383 - Serum cytokine and chemokine reference values for human milk-fed infants at 4 and 6 months of life
Sunday, April 30, 2023
3:30 PM – 6:00 PM ET
Poster Number: 383 Publication Number: 383.301
Kinga K. Smolen, Harvard Medical School, Boston, MA, United States; Diana Orenstein, ByHeart, Inc., New York, NY, United States; Catherine J. Field, University of Alberta Faculty of Agricultural, Food and Nutritional ScienceMedicine and Dentistry, Edmonton, AB, Canada; Devon Kuehn, ByHeart, Inc, New York, NY, United States
Chief Medical Officer ByHeart, Inc New York, New York, United States
Background: The early weeks of infancy represent a critical period in the developing immune system with lasting health implications. Alteration to the immune trajectory can increase susceptibility to infection, attenuate vaccine response, and impact the pathway of disease development. Cytokines and chemokines are signaling molecules with roles in innate and adaptive immune responses; factors such as premature birth, diet, sex, and age may modulate expression. There is a lack of reference data on early ontogeny of serum cytokine and chemokine concentrations in healthy infants due to limitations in study design. Objective: The objective of this study was to investigate the ontogeny of cytokine and chemokine concentrations in healthy term 4- and 6-month-old human milk-fed infants. Design/Methods: This secondary analysis was part of a trial designed to evaluate the growth and safety of a novel infant formula. Healthy term infants who were exclusively human milk-fed were enrolled as a reference group. Cytokine and chemokine data were generated using the Olink proximity extension assay in serum from 4- and 6-month-old infants. The Olink Target 48 Cytokine panel was used to detect a range of biomarkers. Unsupervised clustering was employed to summarize variability in the log2-transformed concentration. All cytokines and chemokines were centered and scaled to unit variance. Results: Analysis included 113 samples (61 at 4 months, 51 at 6 months). Most participants were born by vaginal delivery (80.5%), primarily at 39 weeks gestation (51.8%) with 46% male. Table 1 is provided as a reference. In this interim analysis, there were no significant differences in concentrations between the two time points except IL-18 (higher at 6 months compared to 4 months; p=0.042). Trends toward differences were observed in individual cytokines and chemokines associated with clinical factors, including mode of delivery at 4 and 6 months, sex, maternal antibiotic use during delivery, and maternal BMI at 6 months. No significant differences were associated with weight, length, or head circumference.

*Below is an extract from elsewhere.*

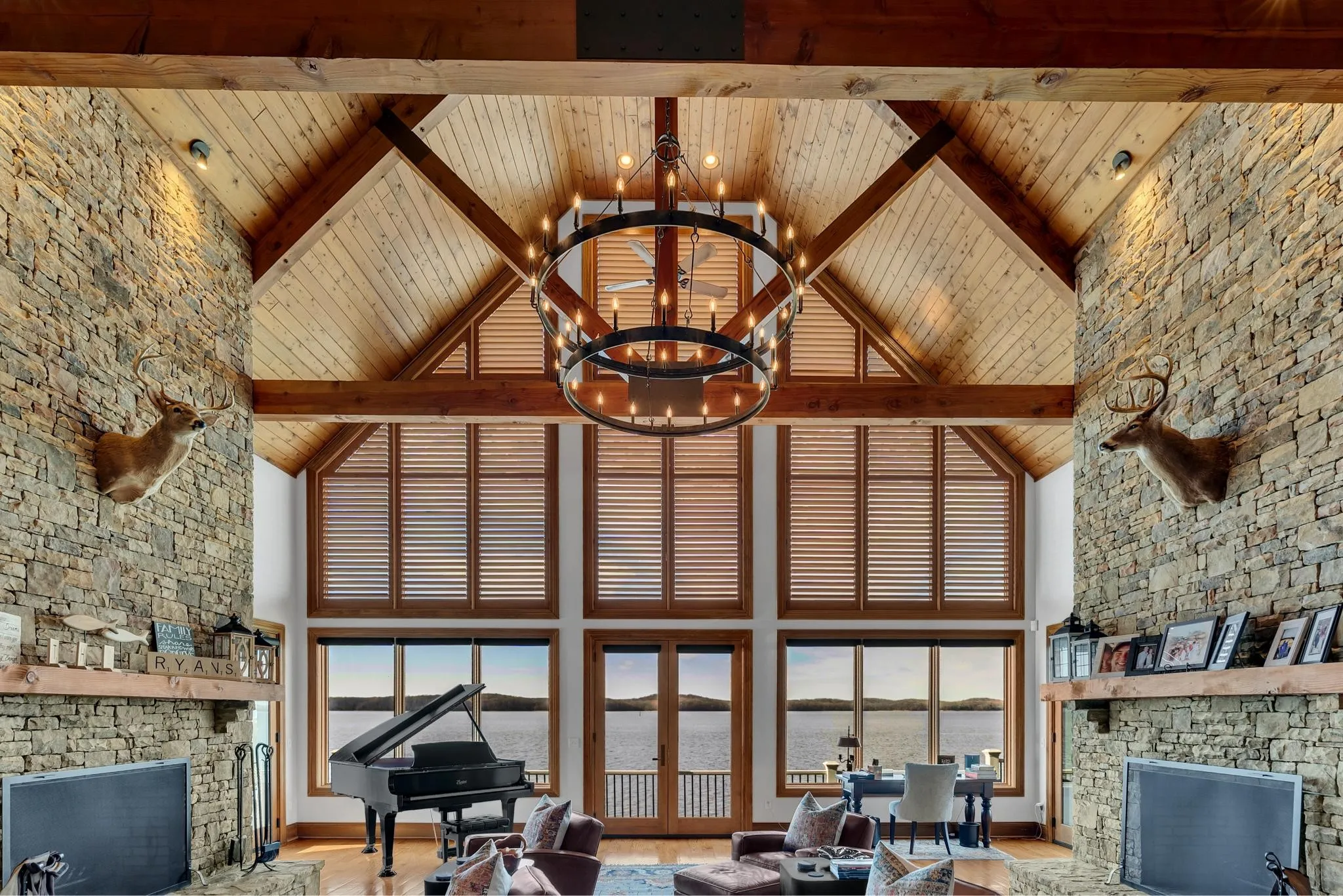 Welcome to Eagle Shore Estate, where luxury meets recreation on the eastern shores of Kentucky Lake. This stunning, privately gated estate offers approximately 6,000 sq ft of refined living space with premium finishes, two fireplaces, smart home features, and spa-like amenities designed for ultimate comfort and enjoyment. The four-stall attached epoxy-finished garage space provides ample parking and storage. Step outside and enjoy the 28 acres of waterfront paradise that offers manicured grounds, a private pebble beach, a concrete boat launch, and a multi-slip dock system. This stunning park-like landscape is loaded with mature white oak trees meticulously managed with breathtaking million-dollar waterfront views and amazing sunsets. Whether it’s boating, kayaking, fishing, summertime water sports, or sunset cruises, limitless outdoor recreation awaits. Five additional estate lots have been thoughtfully surveyed, complete with preliminary soil testing, offering flexibility for extended family residences, guest homes, or future development.

Conclusion(s): There were no major differences in cytokine and chemokines concentrations between 4 and 6 months of life, suggesting a robust immune phase. Mode of delivery, sex, maternal antibiotic use during delivery, and maternal BMI impacts cytokine and chemokine expression. The availability of these data will support future research by allowing for the comparison of cytokine and chemokine concentrations in a cohort of healthy human milk-fed infants to concentrations in other populations, increasing understanding of early life immune development.